Однако, подняв на высоту дело рекрутирования и воспитания, Челяднин упустил вопрос учета агентуры. В приемную стали захаживать странные личности. Личности настаивали, что состоят в списках. Челяднин списков сроду не заводил, надеясь, с одной стороны, на профессиональную память и не надеясь, с другой стороны, на неподкупность архивариуса. Однако заявить, что списков сроду не бывало, означало прямо поставить себя под удар. Чяляднину так и мерещился Василий III, который говорит: "Нету списков? А куды же они подевались? Ляхам продал?" А поскольку Василий III на свою память давно не надеялся, то поверить, что кто-то понадеялся, притом в таком важном государственном деле, был неспособен.

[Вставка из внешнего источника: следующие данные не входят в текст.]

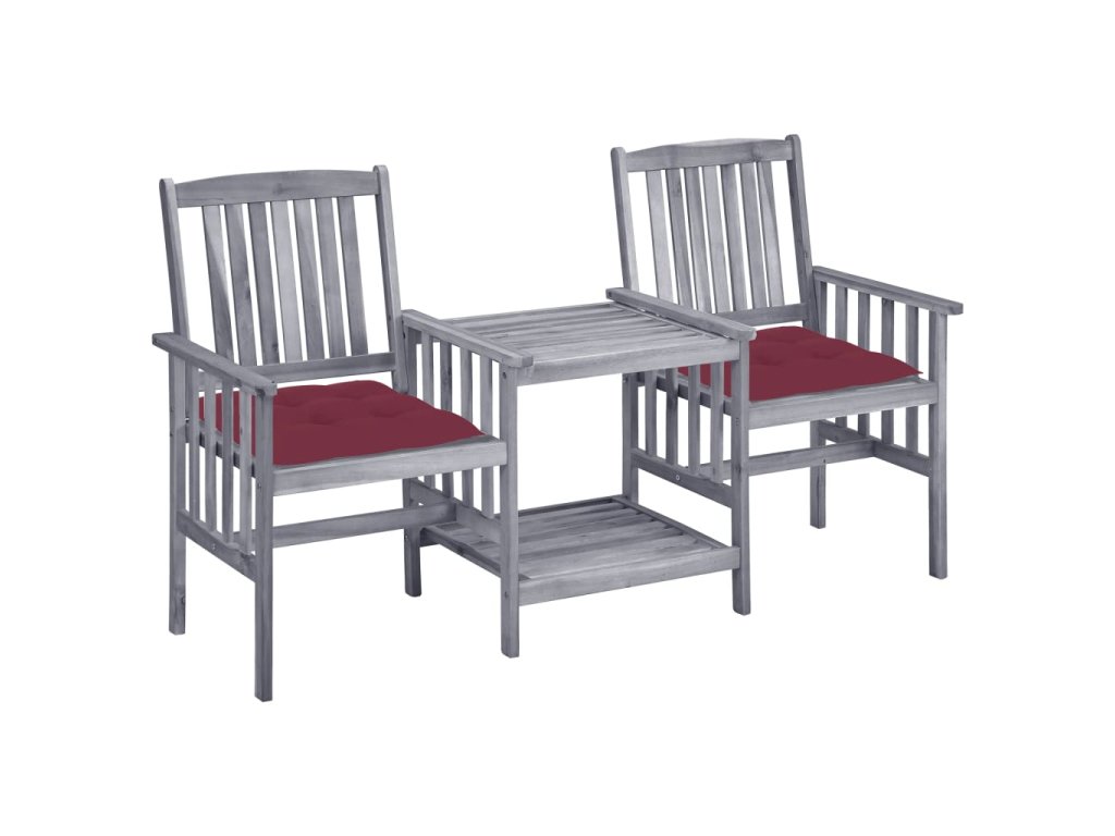 Stůl i židle jsou zhotovené z masivního akáciového dřeva, takže jsou mimořádně stabilní a robustní. Odolná stolní deska a spodní polička se skvěle hodí pro odkládání hrníčků, knih a dalších menších předmětů. Opěradla a područky křesílek vám pak zajistí příjemné posezení a relaxaci. Podušky vám dopřejí větší pohodlí. Každá poduška je opatřená dvěma páry šňůrek pro pevné uchycení.

Личности между тем обнажали в кабинете Челяднина шрамы, и даже в довольно неожиданных местах, а один просто показал индийскую татуировку с неподцензурным сюжетом. Под конец все хмуро требовали денег.

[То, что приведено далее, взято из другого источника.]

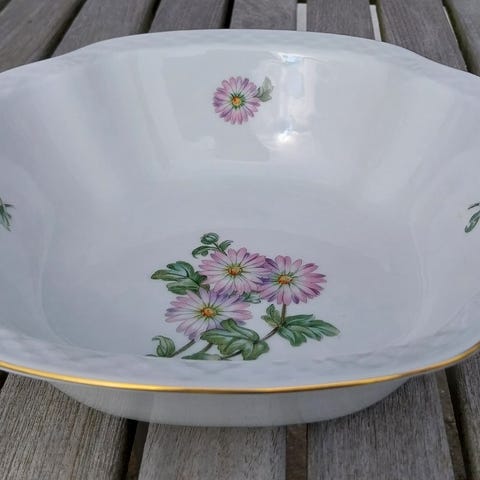 Stor opsats med blomster og guldkant fra Royal Copenhagen - detaljer i annoncen herunder

Челяднин кисло выслушивал бойкие рассказы о беспорядках, учиненных во славу великорусского княжества в Джучидовом улусе Сарай-ал-Джедид, об устранении наследника в померанском замке Новая Грудь, а заодно уж и в Орше, о коварных провокациях в тевтонском Мариенбурге, который отчасти смешивался в голове Челяднина с Магдебургом, Бранденбургом и Мекленбургом и представлял собою единый адский конгломерат, сугубо враждебный великому княжеству Русскому, и, кряхтя, выдавал деньги. География не относилась к числу любимых предметов начальника службы внешней разведки.

Дело поправил князь Михайла Львович Глинский. Изменив Литве и перейдя на русскую службу в жажде получить Смоленск, Глинский произвел очередную реформу во вверенном ведомстве. Во-первых, настоял на обратном переводе разведслужбы под руку Посольского приказа, как это принято в цивилизованных странах, например в Литве. Во-вторых, завел списки агентуры и, по поручению того же Василия III, сочинил для них секретное уложение и наказ.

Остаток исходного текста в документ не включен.